Modern hikers naturally prefer to walk the land in the pleasant seasons of the year. 
Our walking is for recreation and health. The ancient long-distance walker, in contrast, 
traveled through these hills purely out of necessity, and necessity often dictates travel in 
all seasons. Travel in the winter has several advantages when it comes to trail breaking. 
When there are no leaves on the trees or tall brush obscuring the landscape, one can see 
greater distances ahead, and it is far easier to find the most efficient path to ones destination.

For many years, it was assumed that the earliest Native American trails followed the seasonal 
American bison migration routes from the Kentucky southeast into the broad grasslands of central 
and northern Ohio. This was based on observations of the vast herds of the Great Plains west of 
the Mississippi, and early European discoveries of deeply warn pathways through the wilderness 
that they found great beasts following to and from salt licks of Eastern Kentucky. More modern 
research has concluded that the arrival of the American bison actually post-dated 
human habitation of the area. 

						Paths along Kentucky's Waterways

The trails on these maps were analogous to the interstate and state highways of today. 
These were the pathways between relatively distant points. We can see that many of the 
ancient paths followed a north – south orientation through Kentucky. This was in part 
dictated by the need to traverse Kentucky to and from the more heavily populated areas 
of Ohio, but also because the watershed of the river that dominates this part of America, 
the Ohio, flows from northeast to the west. Dozens of the Ohio’s tributaries flow into it 
from the south and from the north. Many of the known Native American trails followed 
along these same Kentucky tributaries that to this day find their way northward into the 
Ohio River from the interior of Kentucky. In our part of the state, these include the 
Big Sandy River, the Little Sandy River, Tygarts Creek and the Licking River.

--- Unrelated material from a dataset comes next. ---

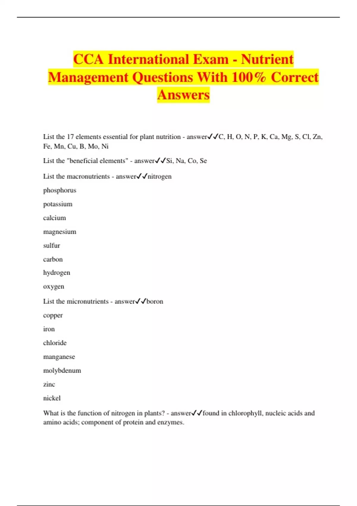 CCA International Exam - Nutrient Management Questions With 100% Correct Answers List the 17 elements essential for plant nutrition - answerC, H, O, N, P, K, Ca, Mg, S, Cl, Zn, Fe, Mn, Cu, B, Mo, Ni List the "beneficial elements" - answerSi, Na, Co, Se List the macronutrients - answernitrogen phosphorus potassium calcium magnesium sulfur carbon hydrogen oxygen List the micronutrients - answerboron copper iron chloride manganese molybdenum zinc nickel What is the function of nitrogen in plants? - answerfound in chlorophyll, nucleic acids and amino acids; component of protein and enzymes. What is the function of phosphorus in plants? - answeran essential component of DNA, RNA, and phospholipids, which play critical roles in cell membranes; also plays a major role in the energy system (ATP) of plants. What is the function of potassium in plants? - answerplays a major role in the metabolism of the plant, and is involved in photosynthesis, drought tolerance, improved winter hardiness and protein synthesis. What is the function of sulfur in plants? - answerrequired for protein synthesis; aids in seed production, producing the chlorophyll necessary for photosynthesis; necessary component of three amino acids needed for protein synthesis; required for nodule formation on root hairs of legume crops. Nitrogen: mobile or immobile in the plant? - answermobile as nitrate and ammonium (NO3 - / NH4 +) Phosphorus: mobile or immobile in the plant? - answersomewhat mobile as phosphate (H2PO4 - and HPO4 2-) Potassium: mobile or immobile in the plant? - answervery mobile (K+) Calcium: mobile or immobile in the plant? - answerimmobile (Ca 2+) Magnesium: mobile or immobile in the plant? - answersomewhat mobile (Mg 2+) Sulfur: mobile or immobile in the plant? - answermobile as (SO42-) Boron: mobile or immobile in the plant? - answerImmobile (BO3 -) Copper: mobile or immobile in the plant? - answerimmobile (Cu 2+) Iron: mobile or immobile in the plant? - answerimmobile (Fe 2+/Fe 3+) Manganese: mobile or immobile in the plant? - answerimmobile (Mn 2+) Zinc: mobile or immobile in the plant? - answerimmobile (Zn 2+) Molybdenum: mobile or immobile in the plant? - answerimmobile (MoO4 -) Chlorine: mobile or immobile in the plant? - answermobile (Cl -) Nickel: mobile or immobile in the plant? - answermobile (Ni 2+) How does nutrient uptake change as a plant progresses from germination to maturity? - answerplant nutrient needs start low while the plants are young and small, increases rapidly through vegetative growth, and then decreases again around the time of reproductive development Describe how the soil solution supplies nutrients from the soil - answersoil solution is the liquid in the soil and plant nutrients dissolved in the soil solution can move into the plant as the water is taken up. Describe how cation exchange sites supply nutrients from the soil - answerCations (Mg+, Ca+, K+) are held on negatively charged exchange sites in the soil. Describe how organic matter supplies nutrients from the soil - answerOrganic matter contains nutrients that are released for plant uptake through microbial decomposition. Describe how soil minerals supply nutrients from the soil - answerAs soil minerals (clays, carbonates, etc.) weather (breakdown) they release nutrients for plant uptake. A good example of this is potassium. Describe how plant residues supply nutrients from the soil - answerAs plant residues breakdown, the nutrients in them become available to growing plants. Nitrogen is typically the one we think of, but the other essential nutrients in plant residues will become available for plant uptake as well. Describe nutrient mineralization - answerMineralization refers to the conversion of organic N sources (plant residues, manures, and biosolids) to inorganic N sources. This is accomplished by a wide variety of microorganisms. Describe nutrient immobilization - answerImmobilization is the reverse of mineralization as this refers to the conversion of inorganic forms of nitrogen into organic forms, such as microbial cells and organic matter.. When do mineralization and immobilization occur? - answerThe same time What do C:N ratios tell us? - answerC:N 20 = net mineralization of N C:N 30 = net immobilization of N Describe uptake antagonism between ions - answerrefers to circumstances where, depending on soil conditions and nutrient form and availability, plant uptake is weighted favorably toward some nutrient(s) over others. Describe mass flow - answeroccurs when a nutrient is dissolved in the soil solution and flows with water into the plant. This is the major process for uptake of nitrogen, calcium and magnesium. Describe diffusion - answermovement of a nutrient from area of high concentration to lower concentration. Typically the nutrient will move from the soil solution (high) to the root surface (low). *important process for phosphorus and potassium; key theory behind use of banded or starter fertilizer*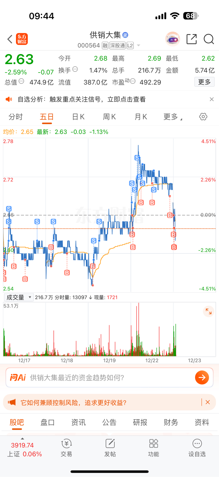 $供销大集(SZ000564)$ 昨天挣了2万今天直接亏钱,后面删自选再也不见

From the standpoint of travel efficiency, all other things being equal, travel by canoe 
was always preferable to walking. Movement by canoe is faster, less energy is expended, 
far greater burdens can be transported by relatively fewer individuals and many dangers 
are avoided on the water. 

That said, not all waterways were equally useful to the ancient traveler. A watercourse 
that had depth sufficient to allow movement by canoe was preferable to one that did not.  
The Eastern Kentucky rivers and creeks that empty into the Ohio increase in water flow 
volume as one moves closer to their confluence with the Ohio. With the exception of the 
Big Sandy, Eastern Kentucky watercourses are all characterized by points where upstream 
travel by canoe becomes untenable due to low water. We may assume that some walking paths 
would tend to converge on navigable waterways at the point where water depth was 
sufficient to support canoe travel. Obviously there could be a degree of variation 
depending on seasonal rainfall and its effects on stream flow levels.

				Managing the Pre-Contact Environment

It seems that its earliest inhabitants experienced Eastern Kentucky as a nearly 
impenetrable wooded wilderness, full of small game, but not a favorable environment for 
sustaining significant numbers of large grazing animals. The consensus is now that early 
man managed his environment not unlike the way it has been managed by European-Americans. 
Native Americans no doubt recognized the limitations of our hilly terrain and used fire 
to create open grassy meadow-lands that attracted large game animals, and facilitated the 
hunting of them. Before Native Americans were driven from Eastern Kentucky, 
many areas may have been nearly as treeless as the lands of small farms and meadows 
that we are so familiar with today. Fire would have been a powerful device for environmental 
management in the hands of intelligent and motivated tribes people.